>>>>>

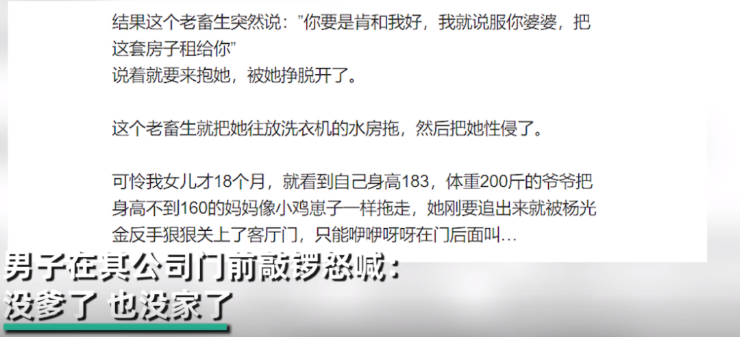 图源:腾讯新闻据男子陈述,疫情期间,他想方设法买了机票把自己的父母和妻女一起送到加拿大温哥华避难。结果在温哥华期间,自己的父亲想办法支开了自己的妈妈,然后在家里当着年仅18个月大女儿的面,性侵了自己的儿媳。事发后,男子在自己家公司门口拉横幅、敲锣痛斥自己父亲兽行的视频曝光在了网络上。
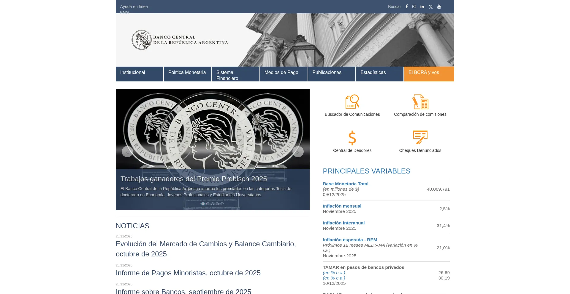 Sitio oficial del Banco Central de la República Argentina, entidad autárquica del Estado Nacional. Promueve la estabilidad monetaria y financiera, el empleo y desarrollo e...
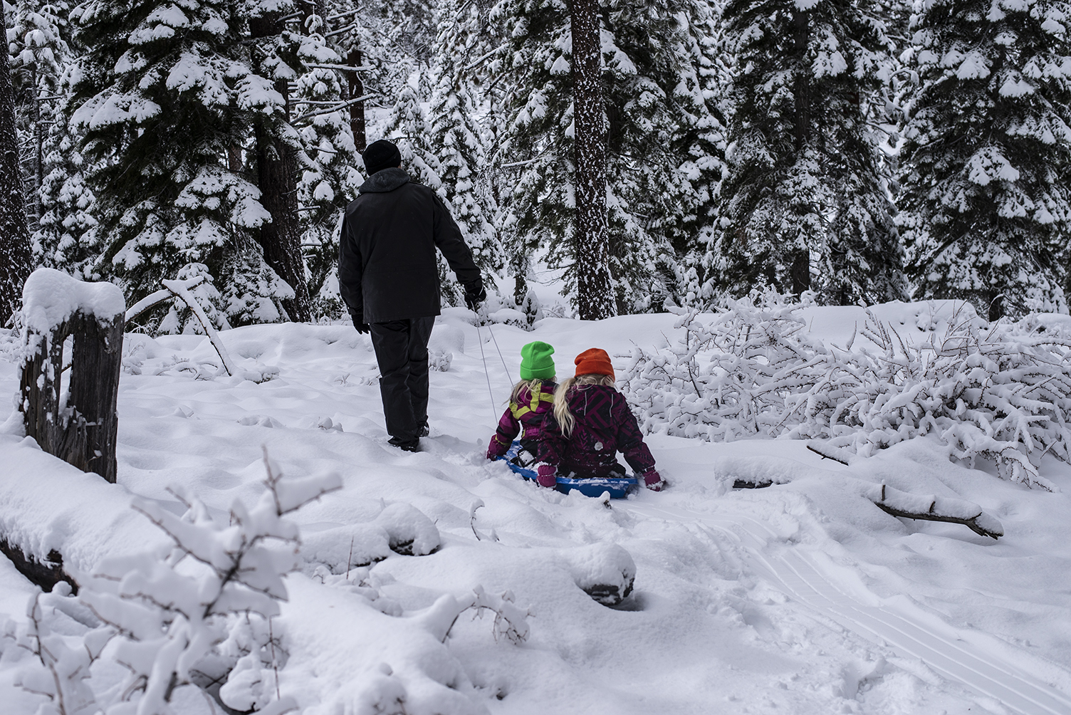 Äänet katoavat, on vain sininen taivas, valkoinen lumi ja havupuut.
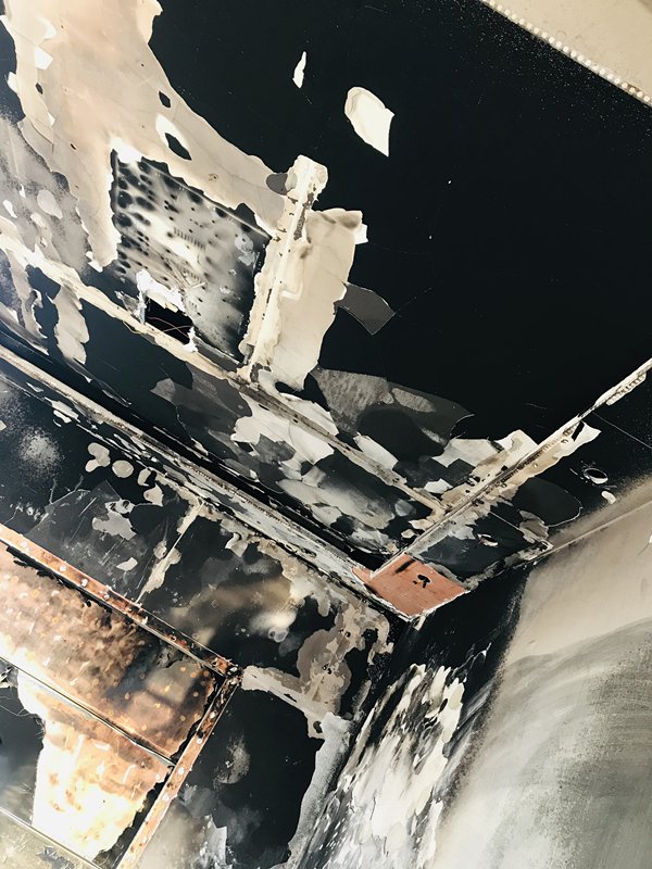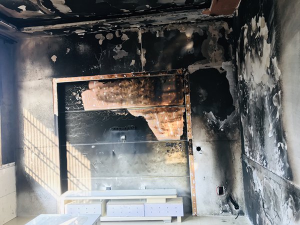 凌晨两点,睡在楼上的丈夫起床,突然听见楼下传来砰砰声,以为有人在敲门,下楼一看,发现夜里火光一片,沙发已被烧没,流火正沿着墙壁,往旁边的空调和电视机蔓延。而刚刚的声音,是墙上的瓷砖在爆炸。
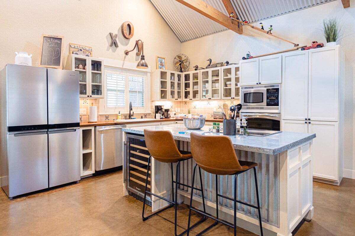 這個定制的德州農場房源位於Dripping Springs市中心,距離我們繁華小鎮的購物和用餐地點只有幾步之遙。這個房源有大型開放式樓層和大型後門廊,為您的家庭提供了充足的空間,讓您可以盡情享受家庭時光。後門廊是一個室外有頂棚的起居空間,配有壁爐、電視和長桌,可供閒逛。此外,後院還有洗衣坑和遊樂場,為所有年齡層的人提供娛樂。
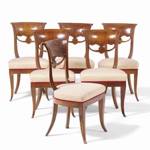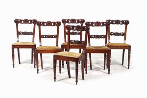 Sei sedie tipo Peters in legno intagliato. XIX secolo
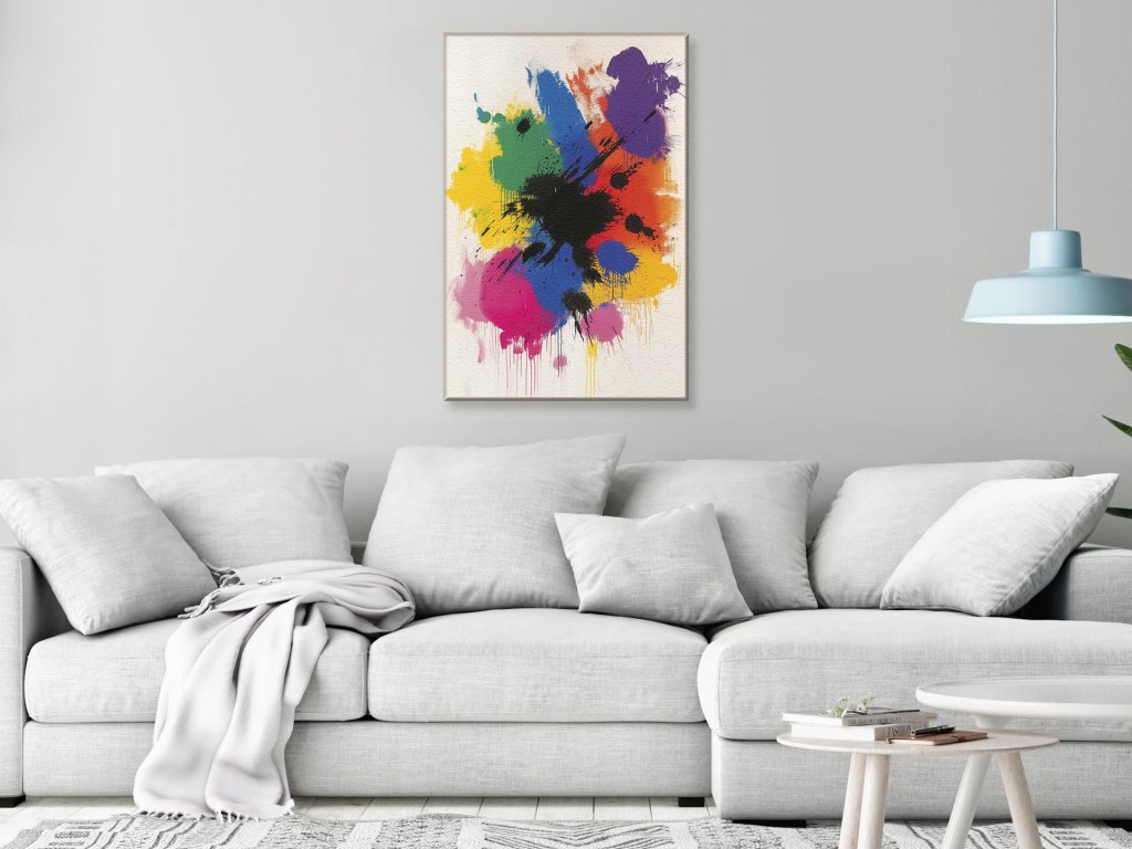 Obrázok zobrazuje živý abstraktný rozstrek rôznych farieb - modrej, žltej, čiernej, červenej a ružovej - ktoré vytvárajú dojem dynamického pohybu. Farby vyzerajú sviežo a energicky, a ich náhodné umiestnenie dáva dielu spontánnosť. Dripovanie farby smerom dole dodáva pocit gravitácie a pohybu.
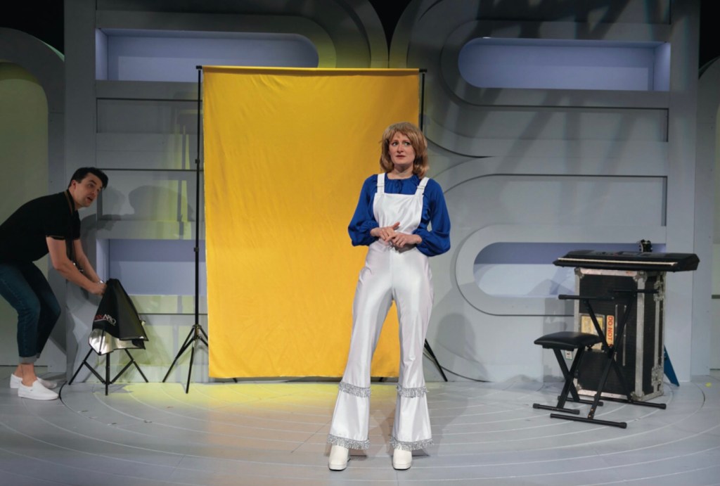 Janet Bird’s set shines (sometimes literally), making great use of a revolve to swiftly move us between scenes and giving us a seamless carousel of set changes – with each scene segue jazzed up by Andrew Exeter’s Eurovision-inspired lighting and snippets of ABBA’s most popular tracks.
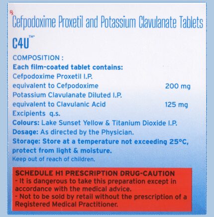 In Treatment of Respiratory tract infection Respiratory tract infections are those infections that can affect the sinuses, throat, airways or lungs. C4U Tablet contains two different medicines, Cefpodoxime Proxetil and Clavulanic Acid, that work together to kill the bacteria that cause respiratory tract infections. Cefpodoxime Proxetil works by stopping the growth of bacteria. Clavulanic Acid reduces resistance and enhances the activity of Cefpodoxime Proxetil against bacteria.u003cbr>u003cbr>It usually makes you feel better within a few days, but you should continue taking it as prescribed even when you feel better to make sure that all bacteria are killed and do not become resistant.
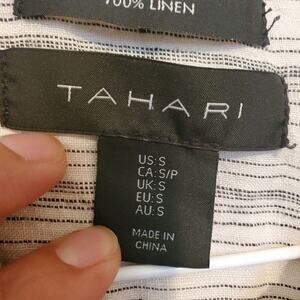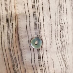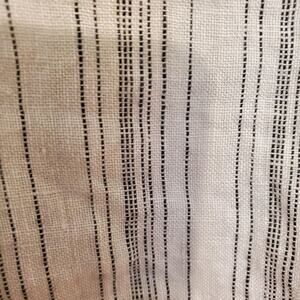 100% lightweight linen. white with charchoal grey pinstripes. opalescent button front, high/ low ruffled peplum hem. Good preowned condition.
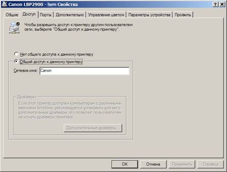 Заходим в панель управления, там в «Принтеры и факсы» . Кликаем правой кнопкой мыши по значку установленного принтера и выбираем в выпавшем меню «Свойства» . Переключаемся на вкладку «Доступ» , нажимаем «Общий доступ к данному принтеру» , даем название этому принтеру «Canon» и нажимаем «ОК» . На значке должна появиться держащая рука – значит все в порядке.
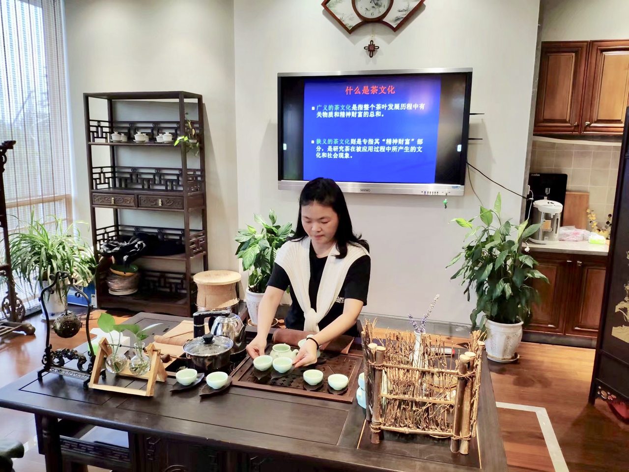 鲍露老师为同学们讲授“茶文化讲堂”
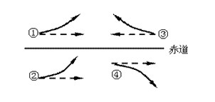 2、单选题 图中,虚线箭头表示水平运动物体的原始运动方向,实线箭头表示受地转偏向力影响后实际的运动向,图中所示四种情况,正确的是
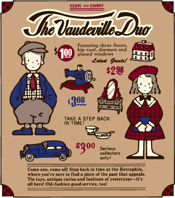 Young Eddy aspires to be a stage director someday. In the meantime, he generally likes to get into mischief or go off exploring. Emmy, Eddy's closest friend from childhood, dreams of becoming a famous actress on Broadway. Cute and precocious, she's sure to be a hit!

<<<<<

All records above need to be returned exactly. Omit the pictures.

 图源:腾讯新闻据男子陈述,疫情期间,他想方设法买了机票把自己的父母和妻女一起送到加拿大温哥华避难。结果在温哥华期间,自己的父亲想办法支开了自己的妈妈,然后在家里当着年仅18个月大女儿的面,性侵了自己的儿媳。事发后,男子在自己家公司门口拉横幅、敲锣痛斥自己父亲兽行的视频曝光在了网络上。
 Sitio oficial del Banco Central de la República Argentina, entidad autárquica del Estado Nacional. Promueve la estabilidad monetaria y financiera, el empleo y desarrollo e...
 Äänet katoavat, on vain sininen taivas, valkoinen lumi ja havupuut.
 凌晨两点,睡在楼上的丈夫起床,突然听见楼下传来砰砰声,以为有人在敲门,下楼一看,发现夜里火光一片,沙发已被烧没,流火正沿着墙壁,往旁边的空调和电视机蔓延。而刚刚的声音,是墙上的瓷砖在爆炸。
 這個定制的德州農場房源位於Dripping Springs市中心,距離我們繁華小鎮的購物和用餐地點只有幾步之遙。這個房源有大型開放式樓層和大型後門廊,為您的家庭提供了充足的空間,讓您可以盡情享受家庭時光。後門廊是一個室外有頂棚的起居空間,配有壁爐、電視和長桌,可供閒逛。此外,後院還有洗衣坑和遊樂場,為所有年齡層的人提供娛樂。
 Sei sedie tipo Peters in legno intagliato. XIX secolo
 Obrázok zobrazuje živý abstraktný rozstrek rôznych farieb - modrej, žltej, čiernej, červenej a ružovej - ktoré vytvárajú dojem dynamického pohybu. Farby vyzerajú sviežo a energicky, a ich náhodné umiestnenie dáva dielu spontánnosť. Dripovanie farby smerom dole dodáva pocit gravitácie a pohybu.
 Janet Bird’s set shines (sometimes literally), making great use of a revolve to swiftly move us between scenes and giving us a seamless carousel of set changes – with each scene segue jazzed up by Andrew Exeter’s Eurovision-inspired lighting and snippets of ABBA’s most popular tracks.
 In Treatment of Respiratory tract infection Respiratory tract infections are those infections that can affect the sinuses, throat, airways or lungs. C4U Tablet contains two different medicines, Cefpodoxime Proxetil and Clavulanic Acid, that work together to kill the bacteria that cause respiratory tract infections. Cefpodoxime Proxetil works by stopping the growth of bacteria. Clavulanic Acid reduces resistance and enhances the activity of Cefpodoxime Proxetil against bacteria.u003cbr>u003cbr>It usually makes you feel better within a few days, but you should continue taking it as prescribed even when you feel better to make sure that all bacteria are killed and do not become resistant.
 100% lightweight linen. white with charchoal grey pinstripes. opalescent button front, high/ low ruffled peplum hem. Good preowned condition.
 Заходим в панель управления, там в «Принтеры и факсы» . Кликаем правой кнопкой мыши по значку установленного принтера и выбираем в выпавшем меню «Свойства» . Переключаемся на вкладку «Доступ» , нажимаем «Общий доступ к данному принтеру» , даем название этому принтеру «Canon» и нажимаем «ОК» . На значке должна появиться держащая рука – значит все в порядке.
 鲍露老师为同学们讲授“茶文化讲堂”
 2、单选题 图中,虚线箭头表示水平运动物体的原始运动方向,实线箭头表示受地转偏向力影响后实际的运动向,图中所示四种情况,正确的是
 Young Eddy aspires to be a stage director someday. In the meantime, he generally likes to get into mischief or go off exploring. Emmy, Eddy's closest friend from childhood, dreams of becoming a famous actress on Broadway. Cute and precocious, she's sure to be a hit!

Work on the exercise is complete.